Наивный не видит вранья сквозь очки – что в уши попало, то свято.

Влюбленным необходим антидот от этой серьезной болезни.

Певцам – адвокат, пистолет, пулемет – в общем, что будет полезней.

«Мой криминал себя оправдал, – втирает Ромео подросткам. —

Я докажу!» – до сих пор голосит ворюга по всем перекресткам.

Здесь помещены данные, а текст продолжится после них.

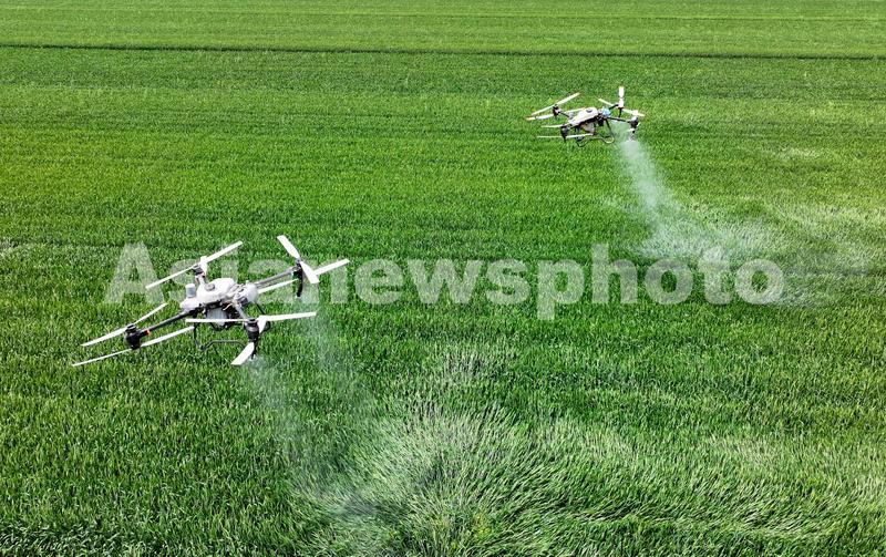 4月16日,在安徽省亳州市利辛县胡集镇陈营社区麦田,农民利用植保无人机对小麦进行“一喷三防”作业,防治小麦赤霉病。

Зачатки жизниВторая сторона

Ночной дозор

Под водой вращаются гребные винты, вспенивают липучее море, и «Арнем» отчаливает от бетонной стенки Гарвичской пристани. Палуба поднимается, опускается и кренится на волнах.

– Встречай нас, Амстердам, – говорит Грифф.

– Встречай нас, легальная наркота, – говорит Дин.

– Не то чтобы легальная, – поправляет его Левон. – Дозволенная, но в пределах разумного. Так что ведите себя осмотрительно. Очень вас прошу. Неприятности с полицией плохо скажутся на перспективах дальнейших зарубежных гастролей.

Трижды зычно рявкает гудок «Арнема».

– А правда, что в квартале красных фонарей шлюхи стоят в застекленных кабинках, чтобы с улицы было видно? – спрашивает Грифф.

– Правда, – отвечает Джаспер.

– Вот оно, счастье, – говорит Эльф. – Порнография без журналов.

Джаспер предполагает, что это сарказм.

– Если ты туда соберешься, мне не говори, – предупреждает Эльф Дина. – Я не хочу врать Эми. Точнее, не буду.

– Я? Да я чист как первый снег! – Дин прикладывает руку к сердцу.

– И ты переправлялся на этом пароме каждое лето? – спрашивает Левон Джаспера.

– Да, каждое лето. Шофер забирал меня из Или, привозил в Гарвич и сажал на паром. А там меня встречал дедушка, и мы с ним ехали в Домбург.

– Де Зуты живут в Домбурге? – спрашивает Эльф.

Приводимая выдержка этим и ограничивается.